Figure 4: The left panel shows the centroids of the two main clusters obtained with the K-Means algorithm. The right panel shows the time evolution of the two main clusters.

Since we have access to the time stamps of the signals we can display the time evolution of the signals in the two main clusters. The resulting distribution from May 2019 to September 2019 is shown in the right panel of Figure 4 and the 2019 explosions are marked with red lines. We observe a strong asymmetry between the two clusters in this time period.


The researchers of the INGV conjecture that there is a connection between the waveforms of the signals associated to the Strombolian explosions and the physical state of the volcano. The observed asymmetry in the time evolution of the waveform clusters might therefore indicate large changes of the physical state of the volcano in the eruption period. The ratio between the two main waveform clusters might be an important variable to monitor the state of the volcano. In principle this variable can be monitored in real time by automatically assigning selected signals to one of the two clusters. The next important steps that the INGV researchers will take is analyzing the waveforms of the seismic signals for larger time scales and at the same time analyze controlled experiments set up in a laboratory to better understand the connection between the physical state of volcanic systems and the resulting seismic signals.

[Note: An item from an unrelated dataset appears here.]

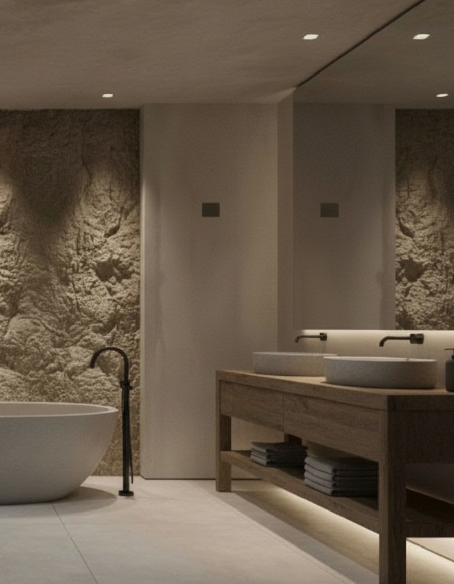 interior render with soft textures set in a dreamy misty bright forest and smooth ground in the background render in watercolor style have a peak of a bedroom through one of the open doors and add people conversing

Moreover, given that most of the routinely monitored seismic parameters showed no anomaly prior to the major eruptions in 2019, the ratio of the two main waveform clusters may be potentially important to predict future explosions. However, as data analysts we are in a dilemma – on the one hand we need more data to understand which variables are correlated with major explosions of Stromboli – on the other hand we don’t want to hope for further major explosions that endanger the life of tourists and inhabitants. All that we can do is wait what the nature will bring us while trying our best to make use of the limited data we have to make visiting Stromboli a safe experience.